Profile changes are especially informative. BM25-competitive tasks expose strong lexical anchors in Persian. Dense-led tasks show paraphrase and answerability gains. Hybrid-led tasks suggest candidate complementarity, usually when domain terms and semantic relevance both matter.

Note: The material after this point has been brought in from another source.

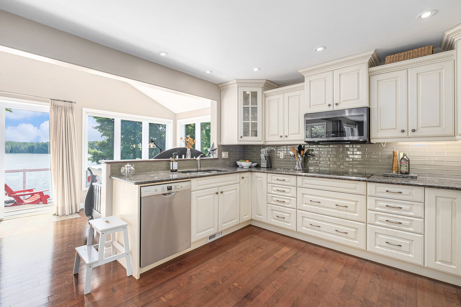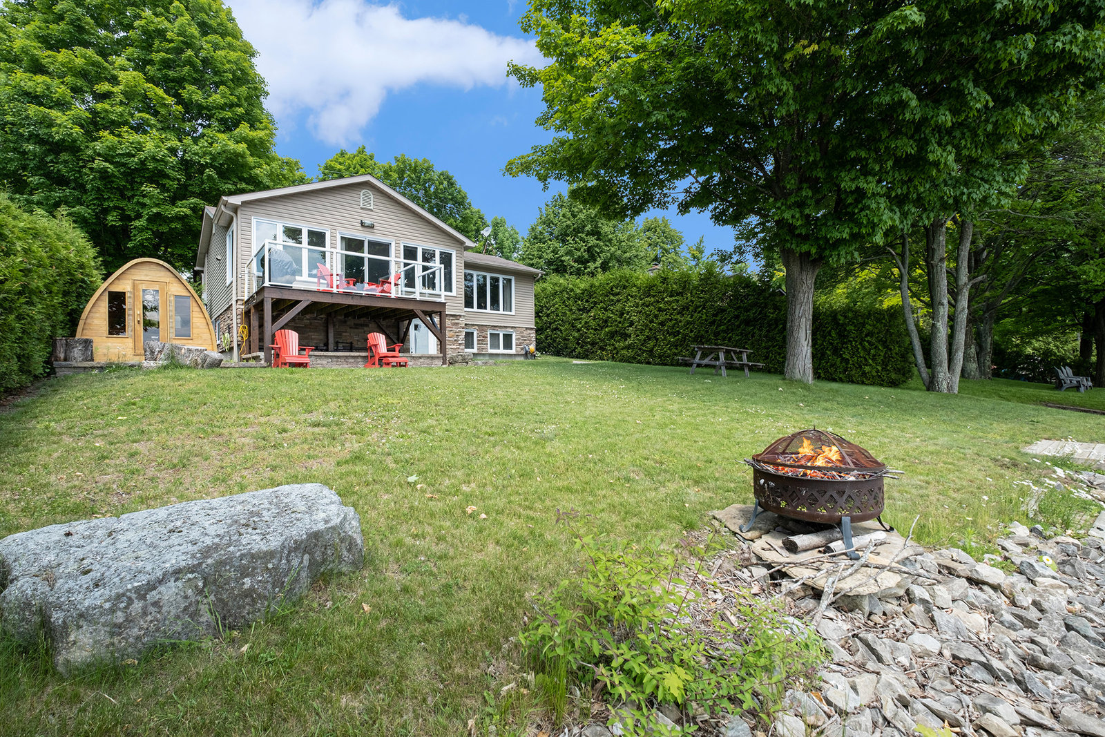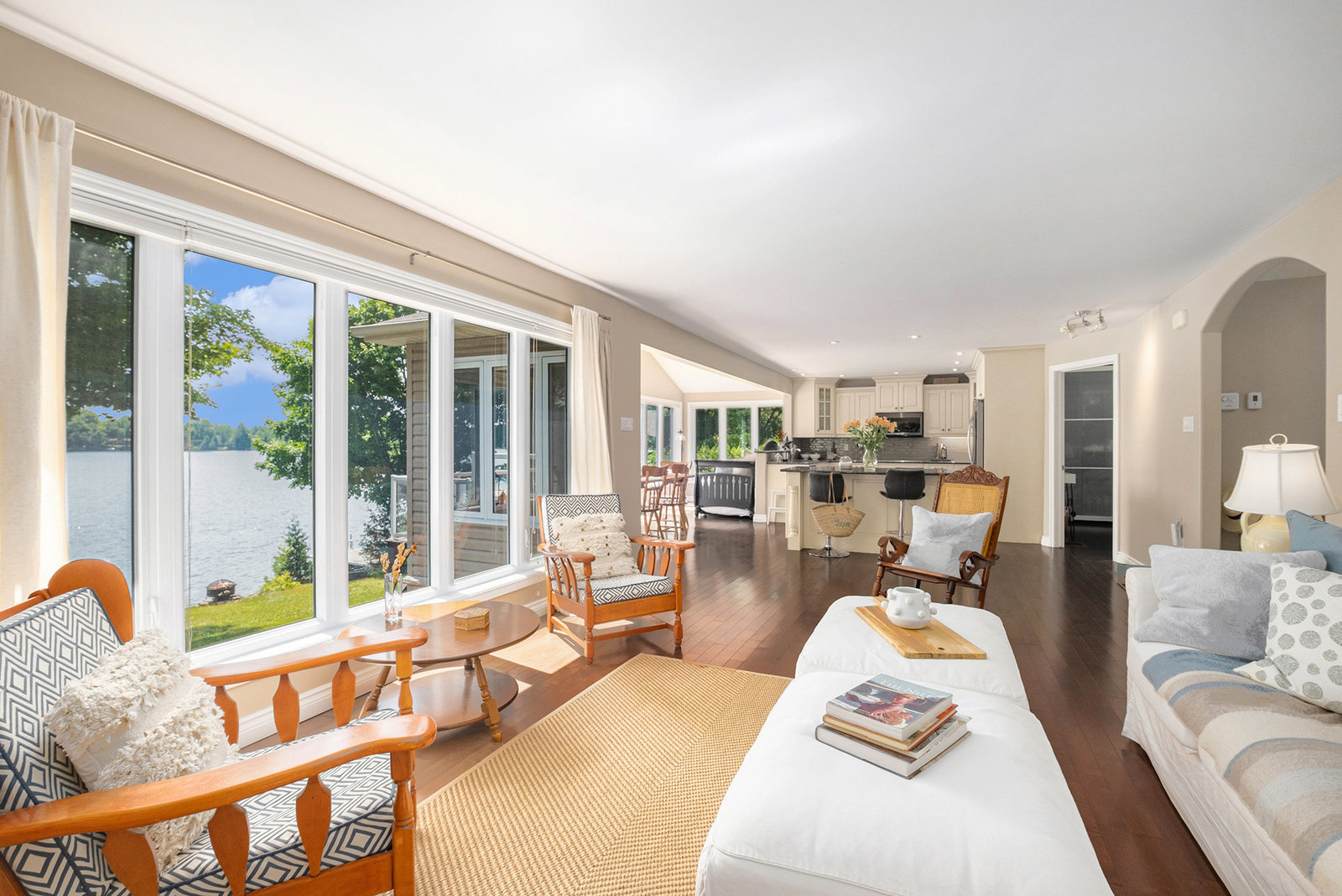 OPEN HOUSE SUNDAY, AUGUST 10TH 11 A.M. - 12:30 P.M. This might just be your dream waterfront home or getaway on beautiful Bass Lake! This meticulously maintained, fully furnished 4-season bungalow is truly turn-key offering the perfect blend of comfort, style & lakeside luxury while also offering main floor living. With sleeping space for the whole family, it's ideal for hosting large gatherings, entertaining friends or relaxing and living the lake life. The main living area is bright and open, with large windows showcasing stunning views of the lake. The open-concept kitchen, dining, and living space is designed for connection and relaxation, with modern finishes and a cozy, inviting space. The main floor primary bedroom has its own 3-piece bathroom and ample closet space with built-in organizers. Off the main foyer, you'll find a 2-piece bath & laundry room. Step outside to a perfect BBQ deck overlooking the water, complete with glass panelling to not obstruct the view. The walk-out lower level extends the living space with a cozy family room, full spa-like bath, second bedroom, den, and ample storage. Step out to the lakeside patio where a hot tub and sauna await—perfectly placed for soaking in the view. Enjoy a clean, swimmable shoreline and a top-tier docking system ready for boats, loungers, and lake toys. Whether you're enjoying morning coffee with sunrise views or winding down in the evening after a day on the lake,...

Training and Leakage Notes
Useful training data includes Persian web search logs, MIRACL-style question-passage pairs, Persian FAQ retrieval, claim-evidence data, conversation-to-knowledge-base pairs, finance and scientific retrieval, and biomedical COVID literature search. Multi-positive tasks should preserve their qrel structure during training.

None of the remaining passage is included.